Emmanuel Macron a appelé au calme les participants au convoi français, tout en affirmant avoir « entendu et respecté » le mécontentement suscité par la crise sanitaire. «Nous sommes tous collectivement fatigués de ce que nous vivons depuis deux ans. Cette fatigue se manifeste de différentes manières ; dans la confusion pour certains, la dépression pour d’autres. Et parfois, cette fatigue se manifeste par de la colère.

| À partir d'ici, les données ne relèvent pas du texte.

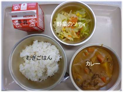 「むぎごはん」「カレー」「野菜のソティ」「牛乳」

Il a ajouté : « Nous avons toujours maintenu le droit de manifester, le pluralisme démocratique et le débat parlementaire ».

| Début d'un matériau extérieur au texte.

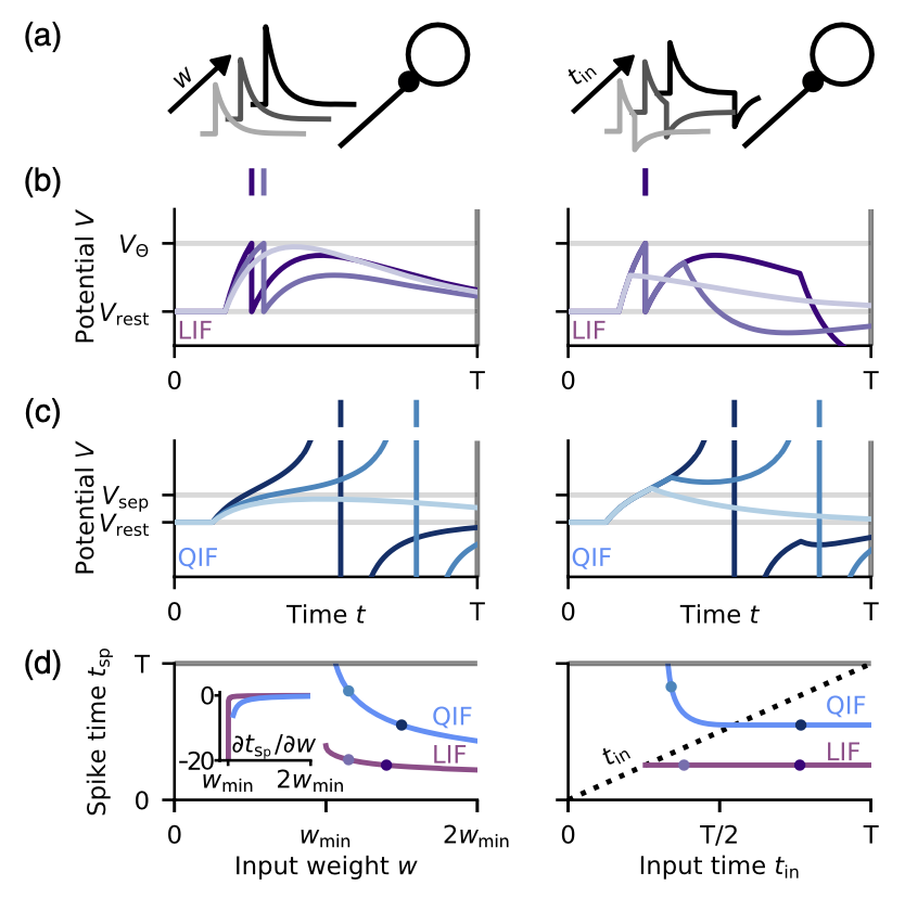 图 1. 扰动和非扰动尖峰形态。(a),(b),(d) 在试验过程中,LIF神经元的峰值时间可能出现中断。(a),(c),(d) QIF神经元的峰值时间仅在试验结束时无扰动地出现,其他时间随参数的变化而连续变化。左列:一个神经元接收到一个单一的输入,其权重增加(随着饱和度的增加而增加)。右列:神经元接受兴奋性和抑制性输入,其到达时间被移动到更大的时间。

Le convoi de la liberté à Paris.
Le convoi de la liberté à Paris. Photograph: Christophe Petit-Tesson/EPA

En Nouvelle-Zélande, un convoi d’environ 1 000 manifestants qui ont convergé mardi sur la pelouse du Parlement et ses rues environnantes s’était réduit vendredi à quelques centaines de personnes.

Ils ont affirmé qu’ils ne partiraient pas tant que la première ministre Jacinda Ardern ne s’était pas engagée à supprimer les mandats de vaccination, mais comme au Canada, le vaccin semblait servir de cheval de Troie pour une série d’autres griefs. À un moment donné, un manifestant a dessiné une croix gammée sur une statue, et d’autres ont gribouillé « accrochez-les haut » sur les marches du parlement.

Des voitures étaient griffonnées de divers slogans : « We stand with Ottawa » et « drain the swamp », de l’ère Trump, entre autres.

La menace que cette rhétorique explose en violence a été reconnue par le parlement et les services antiterroristes du pays en novembre de l’année dernière.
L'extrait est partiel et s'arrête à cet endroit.